Chi considera difficile per non dire impossibile la convivenza tra un essere umano e un rottweiler non deve mai pronunciare una frase simile davanti all’allenatore dell’Aquila Montevarchi Roberto Malotti, il “padrone” (mai come stavolta, però, l’etichetta è inappropriata) di Taro, un bel cagnone di sette anni della specie selezionata nell’Ottocento in Germania sulle sponde del fiume Neckar.
Per la guida tecnica in serie C dei valdarnesi, infatti, il cucciolone di ben 63 chili è come un altro figlio e ben più di una mascotte nel suo lavoro. Ma cosa pensa il trainer fiorentino delle polemiche riaffiorate in questi giorni anche ad Arezzo dopo le aggressioni di cani di grossa taglia lasciati senza guinzaglio ai danni di esemplari più piccoli?
“Ci vuole buon senso e realismo nei giudizi – è una prima risposta – perché non esistono di per sé razze pericolose. Tutto dipende, a mio parere, da come viene abituato l’amico a quattro zampe e dalla conoscenza attenta e quotidiana del suo carattere.
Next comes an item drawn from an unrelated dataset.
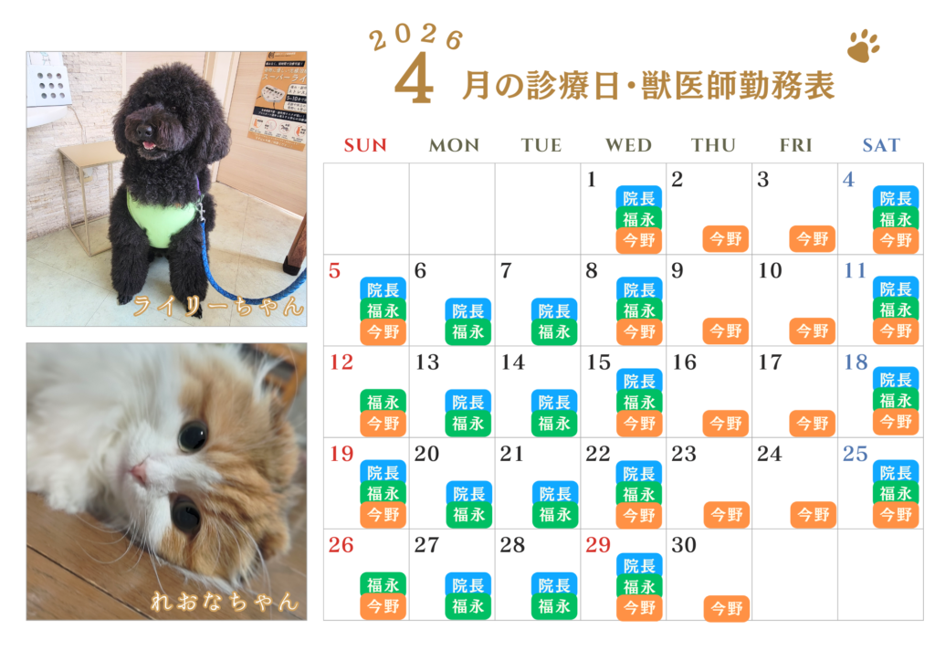 4月の診療予定&獣医師勤務表

Ad esempio, so che il mio non va troppo d’accordo con i cani maschi ma sono riuscito a disciplinarlo e ad educarlo evitando qualunque criticità. Più di qualsiasi regolamento o di multe è importante, dunque, che i proprietari siano consapevoli sempre dell’indole e del temperamento dei loro animali comportandosi di conseguenza”. Del resto, aggiunge, Taro lo ha facilitato nel compito perché, ad onta della stazza imponente e dell’aspetto burbero, è ubbidiente e docilissimo. Scorrazza libero sul rettangolo verde senza creare problemi e, anzi, prima degli allenamenti accompagna i giocatori a centrocampo come un soldatino.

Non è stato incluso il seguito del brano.